» Given entries

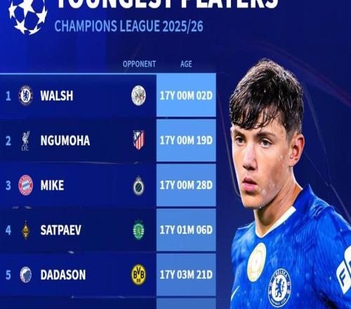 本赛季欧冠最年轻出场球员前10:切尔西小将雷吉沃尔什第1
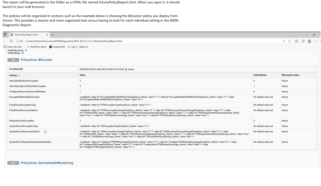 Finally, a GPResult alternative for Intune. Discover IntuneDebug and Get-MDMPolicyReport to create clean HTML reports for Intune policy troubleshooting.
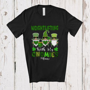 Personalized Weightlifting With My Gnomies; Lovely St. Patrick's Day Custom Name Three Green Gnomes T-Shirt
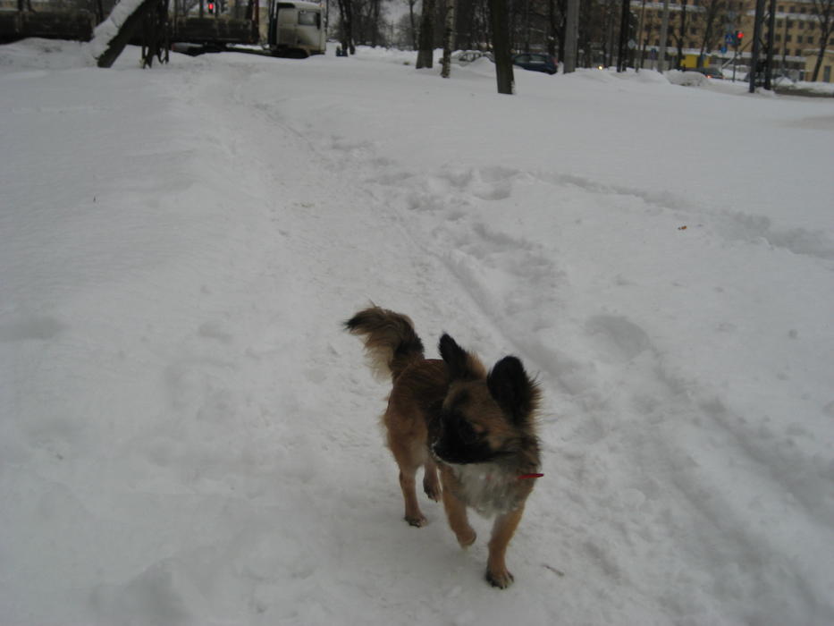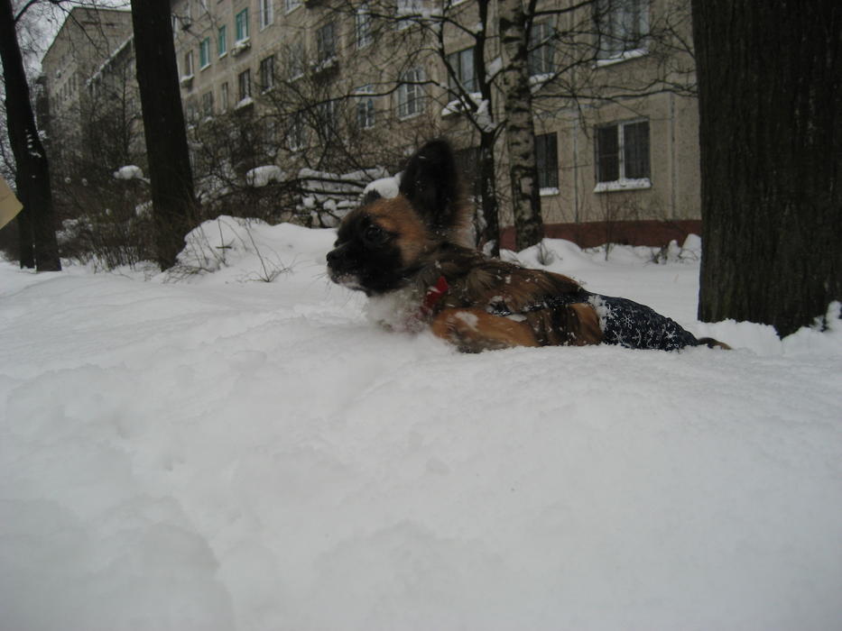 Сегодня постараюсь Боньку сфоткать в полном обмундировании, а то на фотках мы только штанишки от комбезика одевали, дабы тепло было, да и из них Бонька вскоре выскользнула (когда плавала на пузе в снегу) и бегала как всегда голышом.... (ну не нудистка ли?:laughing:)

...

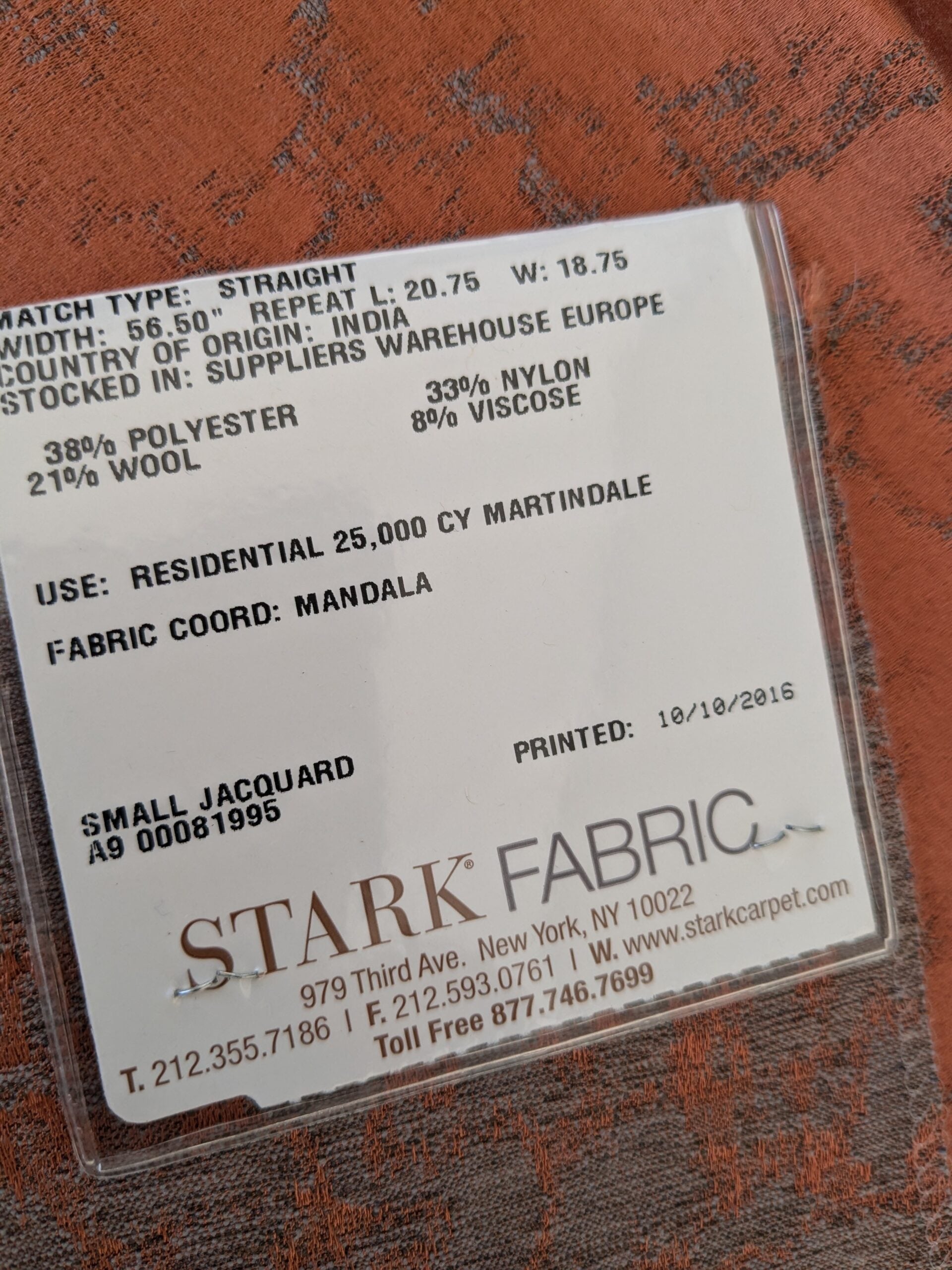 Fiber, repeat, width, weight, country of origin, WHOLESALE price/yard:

==

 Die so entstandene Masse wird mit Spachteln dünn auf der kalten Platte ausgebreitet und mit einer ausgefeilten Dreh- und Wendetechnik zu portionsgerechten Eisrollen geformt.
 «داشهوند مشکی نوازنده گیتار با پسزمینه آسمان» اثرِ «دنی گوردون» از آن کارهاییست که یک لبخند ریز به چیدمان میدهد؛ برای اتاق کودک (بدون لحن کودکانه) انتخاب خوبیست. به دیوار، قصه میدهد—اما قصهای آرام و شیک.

» Brief
When copying from the data above, print only the lines from the line containing "本赛季欧冠最年轻出场球员前10:切尔西小将雷吉沃尔什第1" to the line containing "Personalized Weightlifting With", exactly, and leave the pictures out.

» Result
 本赛季欧冠最年轻出场球员前10:切尔西小将雷吉沃尔什第1
 Finally, a GPResult alternative for Intune. Discover IntuneDebug and Get-MDMPolicyReport to create clean HTML reports for Intune policy troubleshooting.
 Personalized Weightlifting With My Gnomies; Lovely St. Patrick's Day Custom Name Three Green Gnomes T-Shirt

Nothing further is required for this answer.